# Hands free with my car's bluetooth



## gamesfrager (Jul 11, 2012)

I just got the Nexus 7 2013 16 GB WiFi version. I was planning on having this setup on my car:

- Phone as hot-spot wifi (works)

- Nexus 7 connect to car's bluetooth as head unit (works partially, more below)

- Stream music to bluetooth Miccus Rx music A2DP music receiver (works)

- Use car's hands free with Nexus 7 to answer and make calls (not working)

The tablet connect's to my car, but when I receaive a call (CSipSimple, SIP, Voip, Skype, Viber, etc etc) no call audio is coming through car's speakers.

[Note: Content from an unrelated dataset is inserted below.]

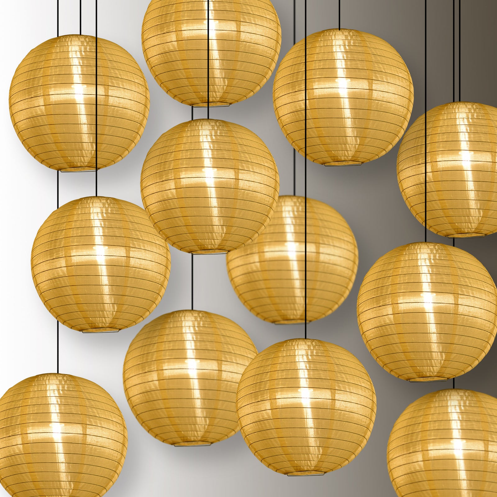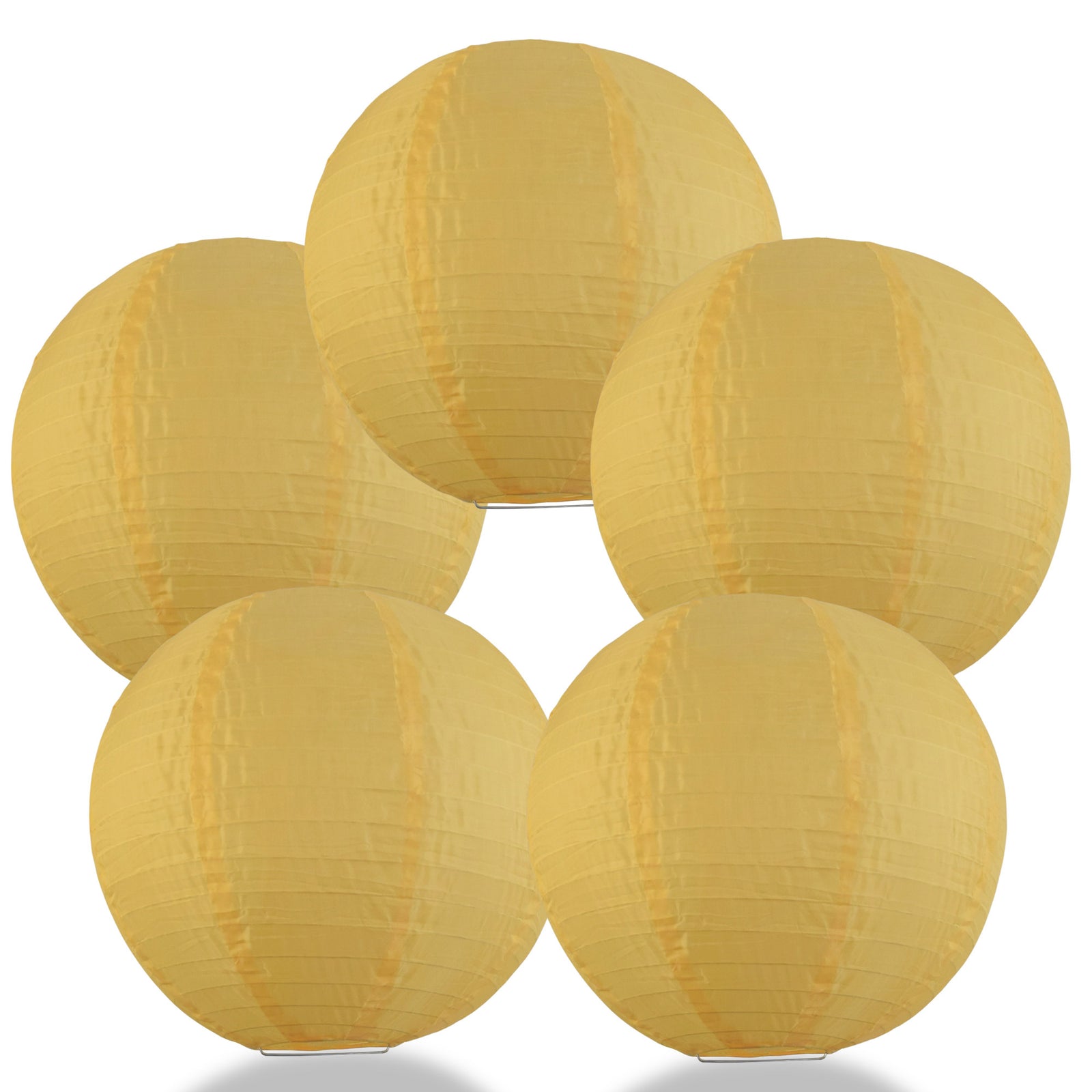 24" Golden Yellow Shimmering Nylon Lantern, Even Ribbing, Durable, Hanging

You would say: Get your phone to do that! true but I have Samsung Galaxy S2 and S3 both running CyanogenMod 11 and hands free is not working. At all. I have been searching for many hours and nights but nothing. So I was hoping by getting the Nexus 7 I would be able to do that. But so far nothing is working.

Any idea on how to turn the Nexus 7 WiFi edition into a "phone" so that my car can detect it as such, and the tablet would send it's call audio through my car's bluetooth.

Ruunig Android 4.4.4 from Google. No custom ROM, pure Google.

please help. I only have 7 days window for returning the the tablet.

Thanks in advance


----------



## mzisman (Aug 4, 2014)

My less than elegant work around:

Samsung HS3000 synced to phone and Tablet. Tablet talk connects phone and Tablet. Tablet can make and answer calls through tablet talk. Audio is routed from phone to HS3000 to a 3.5mm into the stereo (for me that is just an input selector since I have no HU).

I run a usb to a charger so that the HS3000 never dies.


----------